Tutorial 1: Understand Data
Tutorial Overview:
One of the most important things in Statistics and Data Science is understanding your data. This is so fundamental, that you shouldn't move on to more advanced tutorials until you have fully understood the ideas and concepts outlined. While you might get results in an analysis, the results won't make much sense unless you have used the correct type of variables.
In this tutorial, we will cover variables and levels of measurement.
Throughout this, and all other tutorials, we will be using the raw dataset on Politics, Extremism, Life and the internet. Once you have worked through this material you will be able to apply it to your own datasets.
1.1 Understanding your data
1.1.1 What are Variables
In the simplest terms, a variable in statistics refers to something that can change or vary. It's akin to a characteristic or feature that may differ across various situations or among different individuals.
A variable is a record of any number, quantity or characteristic that can be measured. Examples are Age, Gender, or Attitudes to name but a few. So the variable of age, for example, would be a record of the age of every person you spoke to as part of your research. The amount of data a variable can hold is infinite.
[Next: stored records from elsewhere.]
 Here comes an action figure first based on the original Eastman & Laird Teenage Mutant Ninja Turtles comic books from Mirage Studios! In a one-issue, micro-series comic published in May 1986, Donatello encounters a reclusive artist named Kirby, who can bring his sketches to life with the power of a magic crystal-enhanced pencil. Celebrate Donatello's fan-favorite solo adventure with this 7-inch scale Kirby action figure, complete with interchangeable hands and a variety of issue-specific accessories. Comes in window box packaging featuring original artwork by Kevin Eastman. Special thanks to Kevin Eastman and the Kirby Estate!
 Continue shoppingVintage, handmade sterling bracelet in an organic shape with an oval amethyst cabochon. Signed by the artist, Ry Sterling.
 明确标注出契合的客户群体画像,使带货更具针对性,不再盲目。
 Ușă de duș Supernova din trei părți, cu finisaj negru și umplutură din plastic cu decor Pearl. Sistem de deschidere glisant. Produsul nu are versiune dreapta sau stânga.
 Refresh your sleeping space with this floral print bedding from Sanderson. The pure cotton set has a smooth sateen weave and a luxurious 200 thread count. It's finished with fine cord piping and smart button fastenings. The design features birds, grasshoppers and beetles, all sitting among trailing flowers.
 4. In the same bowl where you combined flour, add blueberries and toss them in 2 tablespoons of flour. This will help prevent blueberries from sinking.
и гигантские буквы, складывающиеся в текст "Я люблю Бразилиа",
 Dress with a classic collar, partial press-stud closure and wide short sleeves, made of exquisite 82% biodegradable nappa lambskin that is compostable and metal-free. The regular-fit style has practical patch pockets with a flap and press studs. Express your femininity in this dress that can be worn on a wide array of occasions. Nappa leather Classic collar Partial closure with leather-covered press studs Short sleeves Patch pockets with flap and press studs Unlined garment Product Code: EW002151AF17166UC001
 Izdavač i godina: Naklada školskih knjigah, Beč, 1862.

When conducting research, for instance, you might be interested in people's attitudes towards the current government. During data collection, you might gather information about participants' ages, where they live, whom they voted for in the previous election, and their views on the current government. Each one of these pieces of information represents a variable (e.g., Age, Place of Residence, Voting History, etc.). For each participant, the answers to these questions will vary.
Thus, a variable is essentially a collection of the different outcomes or responses to your question, characteristic, or feature.
There are different types of variables. We call these levels of measurement. These will be discussed below.
1.1.2 Level of Measurements
Levels of measurement describe the nature of information with the values assigned to a variable. These help us classify variables into types of data.
These levels are nominal, ordinal, and continuous. These can be split into two main categories:
Qualitative Data (Nominal, Ordinal)
Quantitative Data (Continuous - can be split into interval and ratio data)
Here qualitative does not mean engaging in qualitative research, rather this is qualitative data that is being quantified (e.g. by counting or summing it). In the social sciences, much of the data you will use will be qualitative.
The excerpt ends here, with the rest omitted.